Factors such as race, maternal prepregnancy weight, and smoking during pregnancy all exert a significant, long-lasting influence on childhood weight by creating an early tendency for a child to become overweight, which carries forward as the child ages.

Findings from the investigation led by Pamela J. Salsberry, Ph.D., and Patricia B. Reagan, Ph.D., suggest that prepregnancy maternal counseling to lose weight and stop smoking, as well as aggressive action to help even young children lose weight, could help prevent childhood obesity (Pediatrics 2005;116:1329–38).

In addition, certain factors may help β€œto identify children who are at high risk for the development of overweight at very young ages, thus providing an opportunity to target intensive preventive strategies before the establishment of an unhealthy weight pattern,” wrote Dr. Salsberry and Dr. Reagan of Ohio State University, Columbus.

The investigators examined weight trends in 3,022 children, from age 2 years up to nearly 8 years. They also looked at the influence of conditions that might affect weight, including race, maternal prepregnancy weight, maternal smoking, and breastfeeding.
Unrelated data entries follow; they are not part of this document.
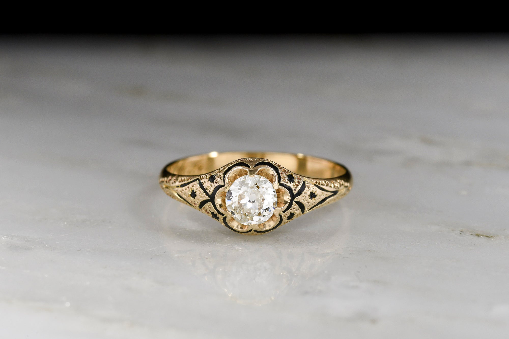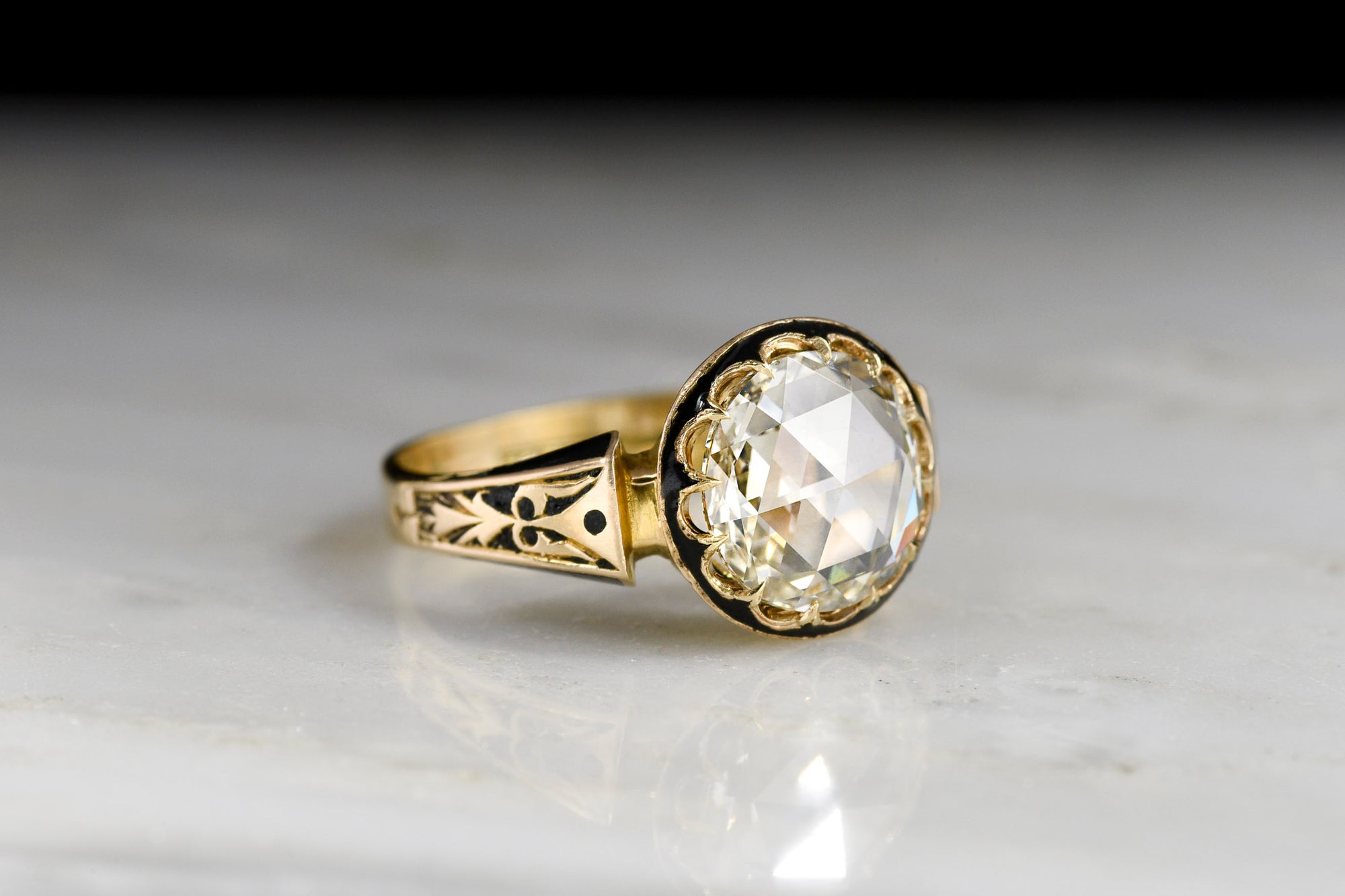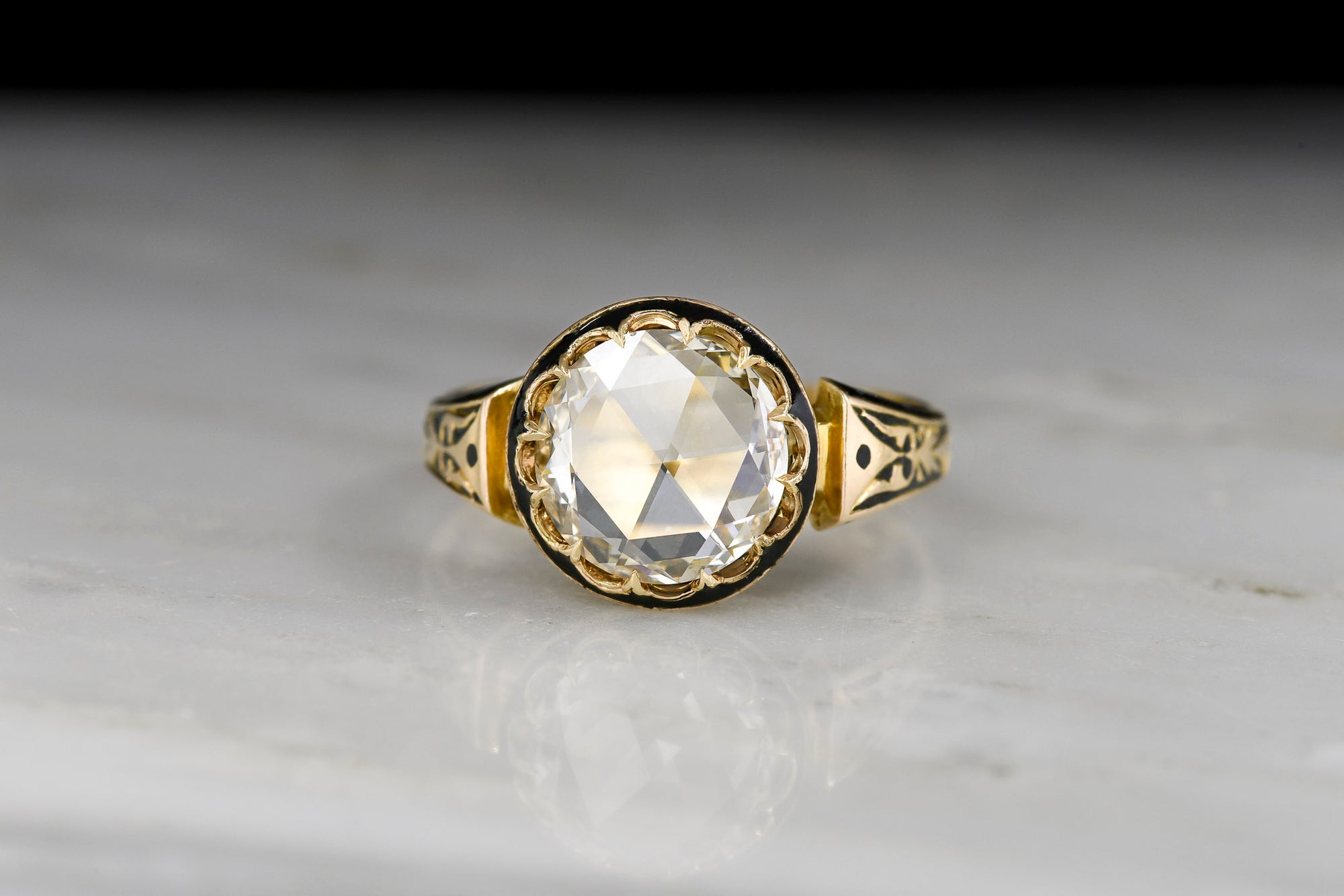 Sold OutVictorian Gold and Black Enamel Ring with a 1.51 Carat Round Rose Cut Diamond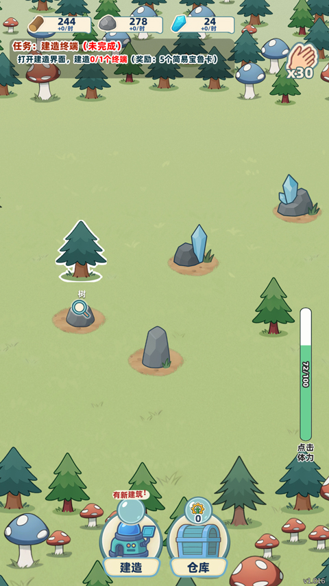 4、捕捉成功后,玩家可通过点击来收集资源,如木材、石头等;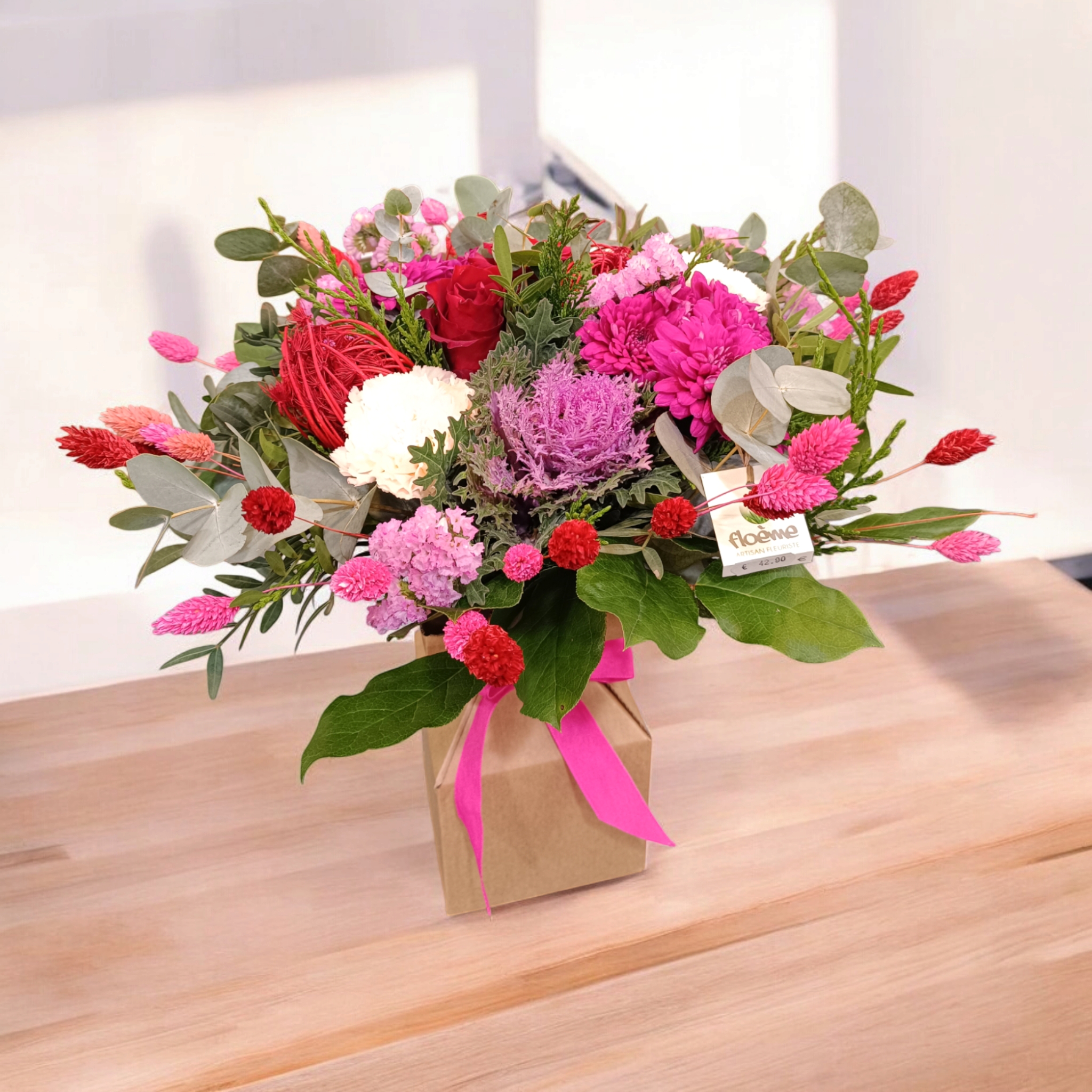 ce bouquet est présenté dans son vase en carton couleur Craft.
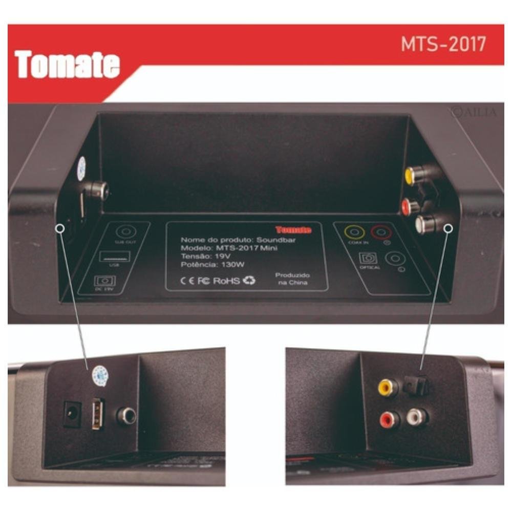 Descrição Caixa de som Soundbar Tomate 150w + Subwoofer Soundbar central com conexão Bluetooth Entradas: Pen drive, óptico, coaxial, RCA Subwoofer com 80w de potência Alto falante de 8 polegadas no Sub Soundbar possui suporte para fixar na parede Use na parede ou no rack Acompanha controle remoto, fonte de alimentação, cabo óptico, cabo RCA x P2, cabo de conexão do subwoofer, régua de medição, buchas e parafusos Medidas Soundbar: 96cm x 9cm x 7cm Medidas Subwoofer:33cm x 30cm x 25cm Produtos enviados na caixa original Especificações técnicas: Marca: Tomate Modelo: MTS-2017 Potência: 150w rms Conexão sem fio: Bluetooth Entradas: óptico, Coaxial, RCA, Pen drive Rádio FM: não Compatíbilidade: TV, Celular, Tablet, PC, Notebook Canais de áudio: 2.1 Conexão Sub / soundbar: Fio (4mts) Soundbar: 4 altofalantes full-range + 2 tweeters Subwoofer: 1 alto falante 8 polegadas Nível sonoro: 100dB Resposta de frequência: 50 Hz a 19 KHz Medidas Soundbar: 96cm x 9cm x 7cm Medidas Subwoofer:33cm x 30cm x 25cm Alimentação: 110/220v (fonte 19v) Itens inclusos: 1x Soundbar 1x Subwoofer 1x Controle remoto 1x Fonte de alimentação bivolt 1x Cabo óptico 1x Cabo RCA x P2 1x Cabo de conexão soundbar/subwoofer 4 metros 2x Parafusos 2x Buchas 1x Régua/gabarito para fixar soundbar à parede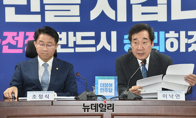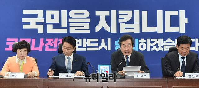 이낙연 더불어민주당 코로나19 국난극복위원회 위원장이 8일 오전 국회 의원회관에서 열린 코로나19 국난극복위원회 전체회의에서 발언을 하고 있다.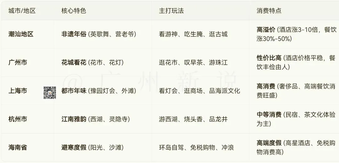 特色解读:潮汕的爆火源于其稀缺的“沉浸式年味”,而上海、海南则依靠成熟的商业配套和自然禀赋吸引高端客群。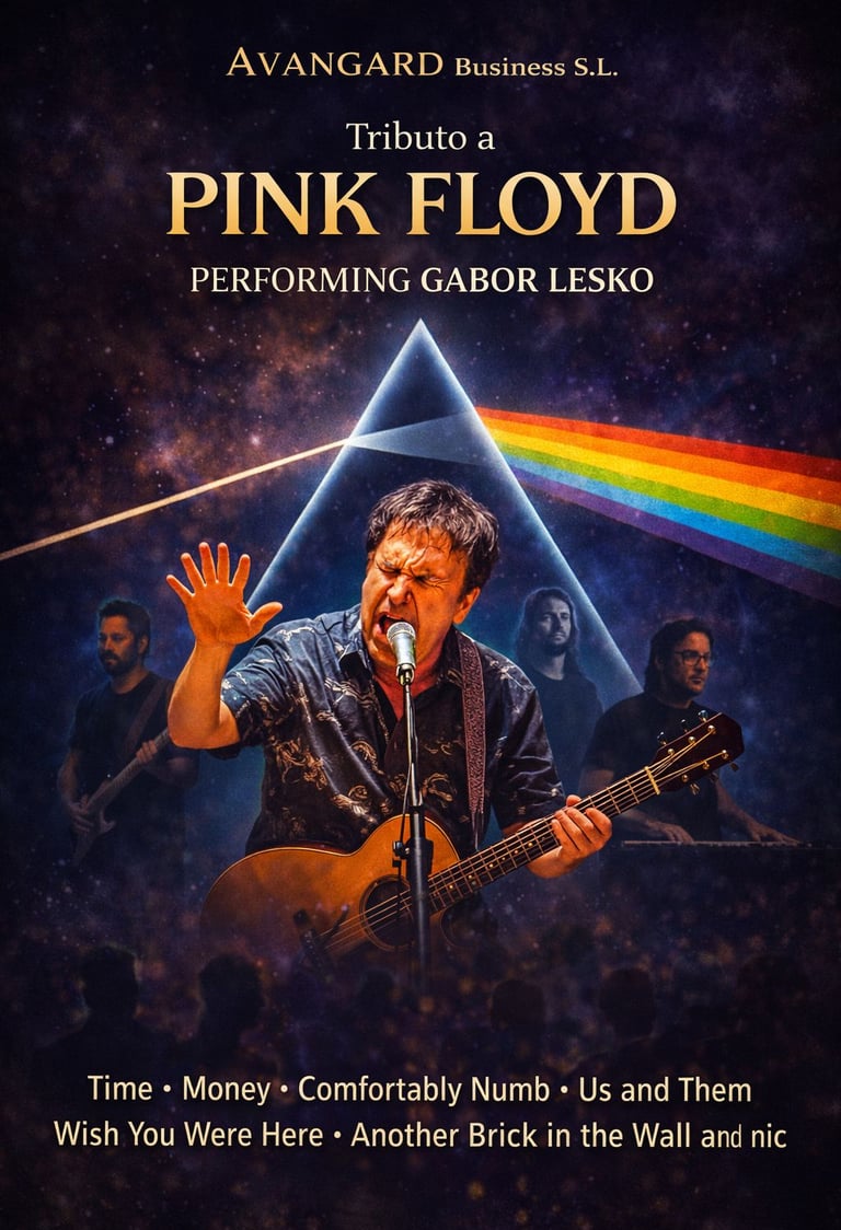 Un viaje por los grandes clásicos de Pink Floyd con Gabor Lesko y su banda, sonido muy fiel al original y visuales impactantes.

The participants weighed in for the study at the mean ages of 3, 5, and 7 years.

At each of the three weigh-ins, black and Hispanic children were more likely to be overweight than white children, although the percentage of children who were overweight decreased in all race groups as the children aged.

There were no significant differences between boys and girls in their risk of being overweight.

A history of breastfeeding was associated with a significant reduction in the risk of being overweight, especially at the first weigh-in (19% decreased risk).

Children whose mothers were underweight before pregnancy had a decreased risk of becoming overweight, an effect that grew more significant as they aged.

Conversely, children whose mothers were obese before pregnancy were almost three times more likely to become overweight by the last weigh-in than were children of normal-weight mothers.

Children who were overweight at the first weigh-in were more likely to be increasingly overweight later on. Children who were overweight at the second weigh-in were more than 16 times more likely to be overweight at the last weigh-in, compared with those who were not overweight at the second weigh-in.